Recorded data

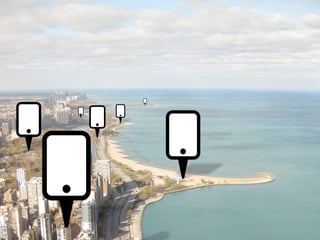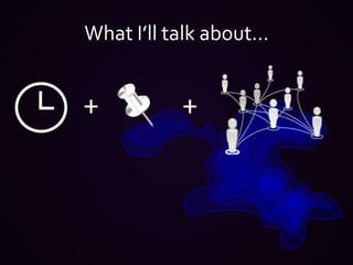The document discusses the evolution and significance of spatial networking, highlighting its role in real-time communication, collaboration, and media sharing among users in close proximity. It also addresses various challenges in the field, including achieving critical mass, platform diversity, monetization, and privacy concerns. Through historical context and data projections, it emphasizes the growing importance of mobile devices and user engagement in shaping the future of social interactions.
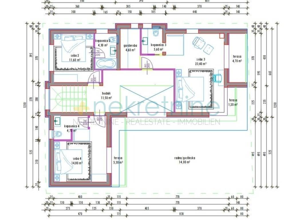 Vila se prostire na 188 m neto površine, smještena na zemljištu od 448 m. Sastoji se od dvije etaže povezane unutarnjim stubištem.
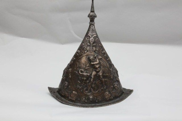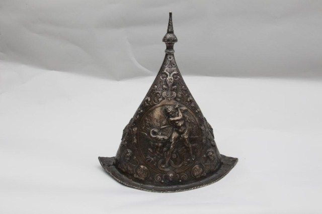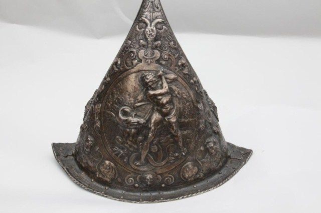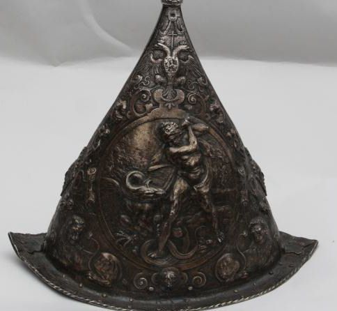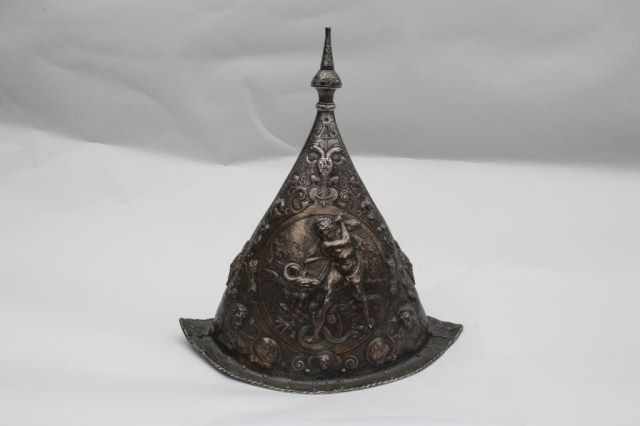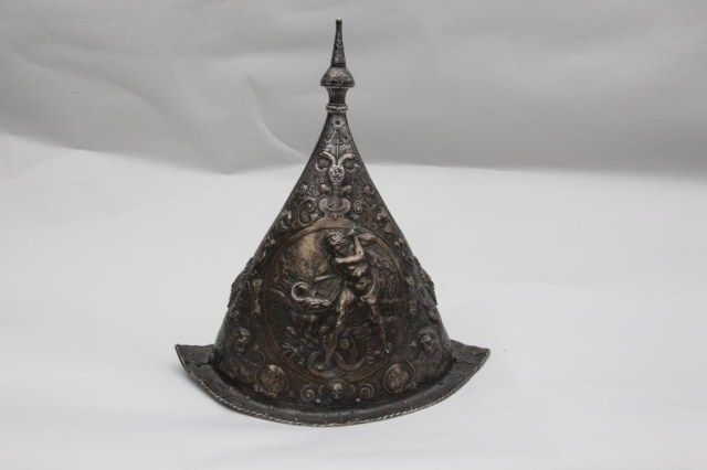 19th century Museum quality copy of magnificent Russian helmet showing “Elkington” mark and Department of Science and art logo probably authorized by Victorian and Albert museum or other publicinstitution. These high quality art pieces were offered to collectors’ in the 19th century for their study and enjoyment as fine armor was becoming rare even over 100 years ago. This is a genuine antique made byElkingtons’ patented process and is both ornate and beautiful. The helmet measures approx 17-3/8” in height by 19” width and shows ornate scenes top by Russian eagle. The center portions of each side show ancient warrior slaying demonic serpent. The border decoration shows stand of arms, lions, grotesque mask, Christian cross, scrolls, florals and other decorative motifs. The condition is near fine with a nice patina and no cleaning or polishing to the detail. These Victorian era helmets have become sought after by collectors and a British museum is currently preparing a display of Victorian arms and armor. Recently a similar
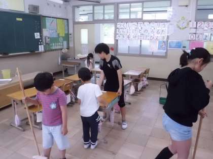 1年生に掃除を教えています。
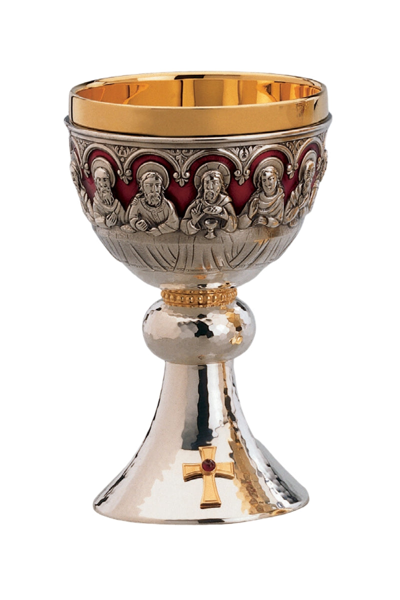 Unit price perThis elegant chalice inspired by the Romanesque style features the Last Supper with the 12 apostles sculpted around the cup with a bold red enameled background. The node and base are finished with a hand hammered effect. The golden inner cup, rim, node accent, and cross on the base add a subtle two-tone to the piece. The cross on the base is set with a red gemstone to match the enamel of the cup. Includes a matching 6" bowl paten (not pictured).

TASK INSTRUCTIONS -> Using the records above, return word for word the lines that begin at the one containing "Vila se prostire" and end at the one containing "1年生に掃除を教えています。", both of them included and no pictures.

COMPLETED TASK ->
 Vila se prostire na 188 m neto površine, smještena na zemljištu od 448 m. Sastoji se od dvije etaže povezane unutarnjim stubištem.
 19th century Museum quality copy of magnificent Russian helmet showing “Elkington” mark and Department of Science and art logo probably authorized by Victorian and Albert museum or other publicinstitution. These high quality art pieces were offered to collectors’ in the 19th century for their study and enjoyment as fine armor was becoming rare even over 100 years ago. This is a genuine antique made byElkingtons’ patented process and is both ornate and beautiful. The helmet measures approx 17-3/8” in height by 19” width and shows ornate scenes top by Russian eagle. The center portions of each side show ancient warrior slaying demonic serpent. The border decoration shows stand of arms, lions, grotesque mask, Christian cross, scrolls, florals and other decorative motifs. The condition is near fine with a nice patina and no cleaning or polishing to the detail. These Victorian era helmets have become sought after by collectors and a British museum is currently preparing a display of Victorian arms and armor. Recently a similar
 1年生に掃除を教えています。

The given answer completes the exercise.